A discussão em torno de modelos estruturados de gestão do TEA ganha força à medida que as instituições de saúde buscam um equilíbrio entre sustentabilidade, qualidade assistencial e previsibilidade operacional. Este novo paradigma não apenas valoriza o paciente, garantindo um acompanhamento mais contínuo e personalizado, mas também reafirma a responsabilidade das operadoras de saúde em oferecer um atendimento mais humano e eficaz.
Ao transformar dados dispersos em informações práticas que ajudem a guiar decisões, a abordagem da Level abre um caminho promissor. Contudo, Mariana conclui que o verdadeiro desafio reside em não apenas adotar novas tecnologias, mas em integrar efetivamente essas ferramentas dentro da gestão e coordenação do cuidado. O sucesso deste tipo de abordagem requer um comprometimento amplo, que envolva profissionais de diversas áreas e uma reformulação na forma como as informações são geridas.
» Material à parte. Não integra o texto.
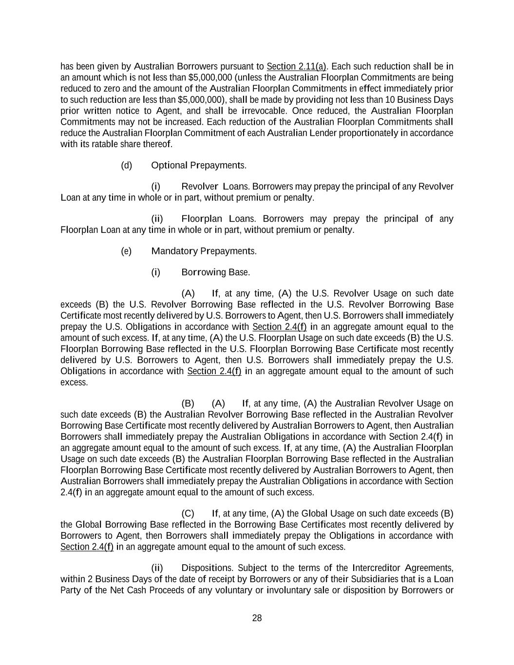 28 has been given by Australian Borrowers pursuant to Section 2.11(a). Each such reduction shall be in an amount which is not less than $5,000,000 (unless the Australian Floorplan Commitments are being reduced to zero and the amount of the Australian Floorplan Commitments in effect immediately prior to such reduction are less than $5,000,000), shall be made by providing not less than 10 Business Days prior written notice to Agent, and shall be irrevocable. Once reduced, the Australian Floorplan Commitments may not be increased. Each reduction of the Australian Floorplan Commitments shall reduce the Australian Floorplan Commitment of each Australian Lender proportionately in accordance with its ratable share thereof. (d) Optional Prepayments. (i) Revolver Loans. Borrowers may prepay the principal of any Revolver Loan at any time in whole or in part, without premium or penalty. (ii) Floorplan Loans. Borrowers may prepay the principal of any Floorplan Loan at any time in whole or in part, without premium or penalty. (e) Mandatory Prepayments. (i) Borrowing Base. (A) If, at any time, (A) the U.S. Revolver Usage on such date exceeds (B) the U.S. Revolver Borrowing Base reflected in the U.S. Revolver Borrowing Base Certificate most recently delivered by U.S. Borrowers to Agent, then U.S. Borrowers shall immediately prepay the U.S. Obligations in accordance with Section 2.4(f) in an aggregate amount equal to the amount of such excess. If, at any time, (A) the U.S. Floorplan Usage on such date exceeds (B) the U.S. Floorplan Borrowing Base reflected in the U.S. Floorplan Borrowing Base Certificate most recently delivered by U.S. Borrowers to Agent, then U.S. Borrowers shall immediately prepay the U.S. Obligations in accordance with Section 2.4(f) in an aggregate amount equal to the amount of such excess. (B) (A) If, at any time, (A) the Australian Revolver Usage on such date exceeds (B) the Australian Revolver Borrowing Base reflected in the Australian Revolver Borrowing Base Certificate most recently delivered by Australian Borrowers to Agent, then Australian Borrowers shall immediately prepay the Australian Obligations in accordance with Section 2.4(f) in an aggregate amount equal to the amount of such excess. If, at any time, (A) the Australian Floorplan Usage on such date exceeds (B) the Australian Floorplan Borrowing Base reflected in the Australian Floorplan Borrowing Base Certificate most recently delivered by Australian Borrowers to Agent, then Australian Borrowers shall immediately prepay the Australian Obligations in accordance with Section 2.4(f) in an aggregate amount equal to the amount of such excess. (C) If, at any time, (A) the Global Usage on such date exceeds (B) the Global Borrowing Base reflected in the Borrowing Base Certificates most recently delivered by Borrowers to Agent, then Borrowers shall immediately prepay the Obligations in accordance with Section 2.4(f) in an aggregate amount equal to the amount of such excess. (ii) Dispositions. Subject to the terms of the Intercreditor Agreements, within 2 Business Days of the date of receipt by Borrowers or any of their Subsidiaries that is a Loan Party of the Net Cash Proceeds of any voluntary or involuntary sale or disposition by Borrowers or
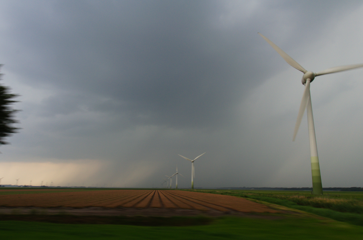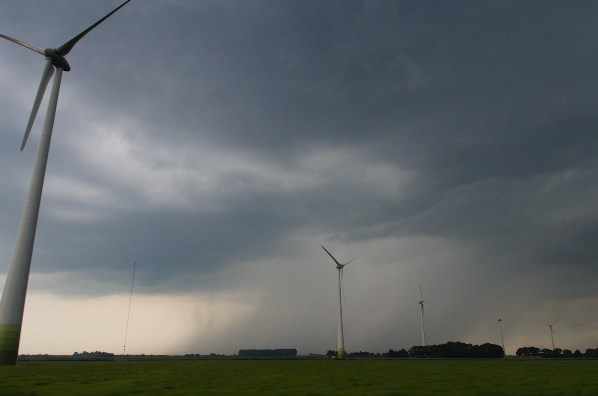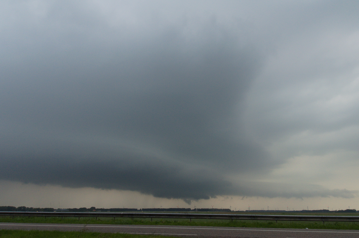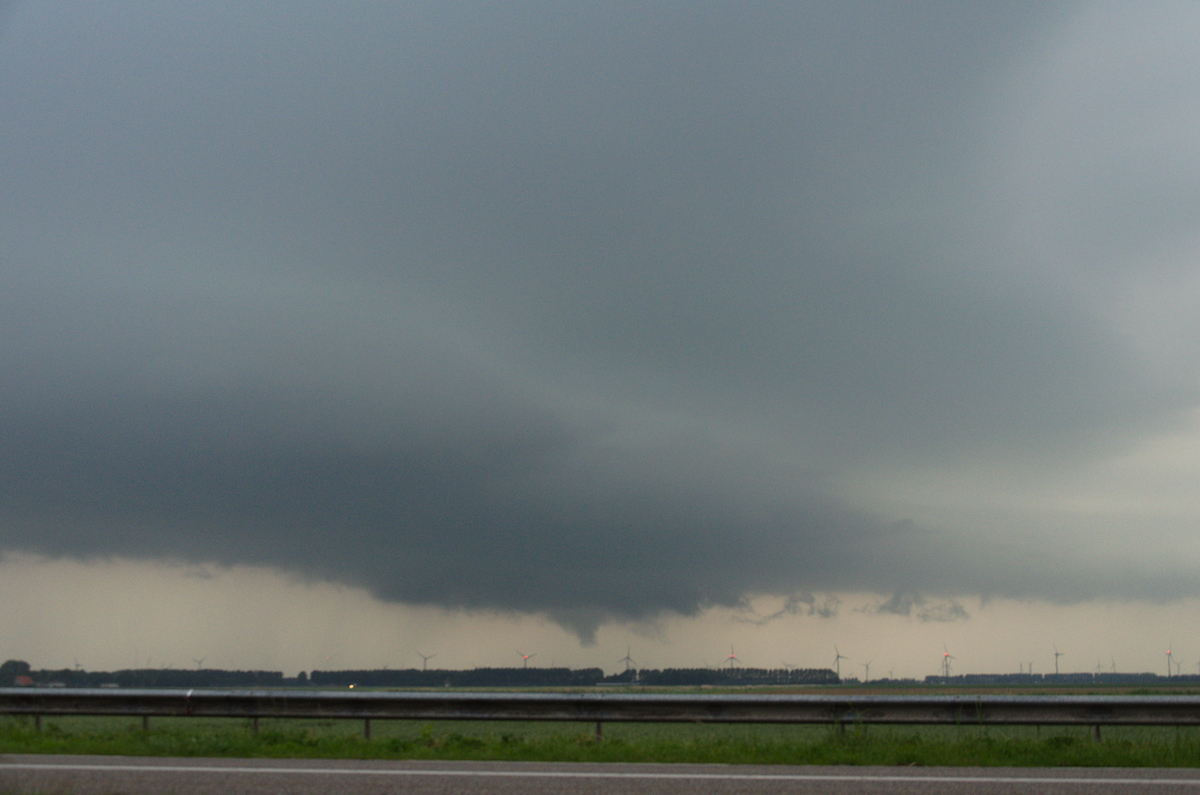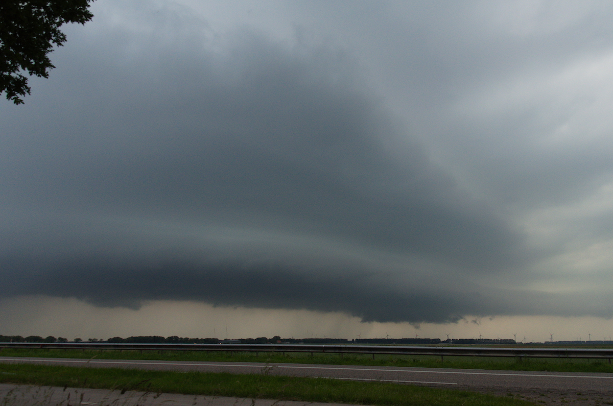 Aan de westkant van Emmeloord hebben we een plek gezocht om alles te volgen. Nu en dan leek het dicht bij een hoos te komen.

Apesar dos obstáculos, a jornada rumo a um atendimento de qualidade para pessoas com TEA é fundamental. Ao melhorar a maneira como os dados são utilizados e aplicados, é possível não só atender melhor as necessidades dos pacientes, mas também construir um sistema de saúde mais justo e eficiente. A valorização da experiência e da visão estratégica dos profissionais de saúde emerge como um elemento central nesse processo de transformação, que tem tudo para resultar em benefícios não só para os indivíduos com TEA, mas para toda a sociedade.
Portanto, as novas estratégias na gestão do TEA não são apenas uma questão de números ou eficiência financeira. Elas representam um compromisso com a qualidade de vida e a dignidade dos pacientes. É uma reflexão profunda sobre como as práticas de saúde podem, e devem, evoluir para atender as demandas de uma população que, até pouco tempo, ficou à margem do cuidado adequado. O futuro demanda, acima de tudo, uma prática de saúde que respeite a pluralidade e a complexidade de cada paciente, oferecendo um suporte holístico e coordenado que realmente faça a diferença.